## What to work on
Please keep to the lines below from the one with "Σε Scrolling Speed" through the one with "Este viernes 11", and restate them word for word, ends included.

## Information supplied
>>>>>
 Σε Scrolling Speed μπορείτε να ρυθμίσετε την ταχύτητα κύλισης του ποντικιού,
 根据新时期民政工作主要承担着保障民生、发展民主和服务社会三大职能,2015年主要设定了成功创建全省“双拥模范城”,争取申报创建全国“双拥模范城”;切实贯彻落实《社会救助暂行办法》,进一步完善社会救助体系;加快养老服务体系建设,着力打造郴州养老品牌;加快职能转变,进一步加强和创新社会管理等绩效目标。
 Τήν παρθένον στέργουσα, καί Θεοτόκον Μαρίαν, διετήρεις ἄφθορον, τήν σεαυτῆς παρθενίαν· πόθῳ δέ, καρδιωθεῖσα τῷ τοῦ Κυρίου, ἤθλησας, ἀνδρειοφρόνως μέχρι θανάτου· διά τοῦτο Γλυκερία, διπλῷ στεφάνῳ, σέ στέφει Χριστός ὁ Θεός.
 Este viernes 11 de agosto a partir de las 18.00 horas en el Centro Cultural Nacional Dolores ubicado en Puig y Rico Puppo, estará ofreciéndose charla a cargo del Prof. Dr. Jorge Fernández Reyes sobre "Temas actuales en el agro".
<<<<<
>>>>>
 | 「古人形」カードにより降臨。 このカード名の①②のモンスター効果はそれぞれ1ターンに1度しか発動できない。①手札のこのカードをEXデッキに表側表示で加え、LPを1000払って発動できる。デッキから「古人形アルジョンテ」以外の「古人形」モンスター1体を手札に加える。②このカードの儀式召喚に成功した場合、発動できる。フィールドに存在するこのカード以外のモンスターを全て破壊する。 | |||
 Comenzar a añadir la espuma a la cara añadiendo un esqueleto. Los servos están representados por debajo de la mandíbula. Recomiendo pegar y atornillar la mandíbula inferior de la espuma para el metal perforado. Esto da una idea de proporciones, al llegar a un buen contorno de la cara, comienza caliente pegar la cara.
<<<<<
## Written solution
 Σε Scrolling Speed μπορείτε να ρυθμίσετε την ταχύτητα κύλισης του ποντικιού,
 根据新时期民政工作主要承担着保障民生、发展民主和服务社会三大职能,2015年主要设定了成功创建全省“双拥模范城”,争取申报创建全国“双拥模范城”;切实贯彻落实《社会救助暂行办法》,进一步完善社会救助体系;加快养老服务体系建设,着力打造郴州养老品牌;加快职能转变,进一步加强和创新社会管理等绩效目标。
 Τήν παρθένον στέργουσα, καί Θεοτόκον Μαρίαν, διετήρεις ἄφθορον, τήν σεαυτῆς παρθενίαν· πόθῳ δέ, καρδιωθεῖσα τῷ τοῦ Κυρίου, ἤθλησας, ἀνδρειοφρόνως μέχρι θανάτου· διά τοῦτο Γλυκερία, διπλῷ στεφάνῳ, σέ στέφει Χριστός ὁ Θεός.
 Este viernes 11 de agosto a partir de las 18.00 horas en el Centro Cultural Nacional Dolores ubicado en Puig y Rico Puppo, estará ofreciéndose charla a cargo del Prof. Dr. Jorge Fernández Reyes sobre "Temas actuales en el agro".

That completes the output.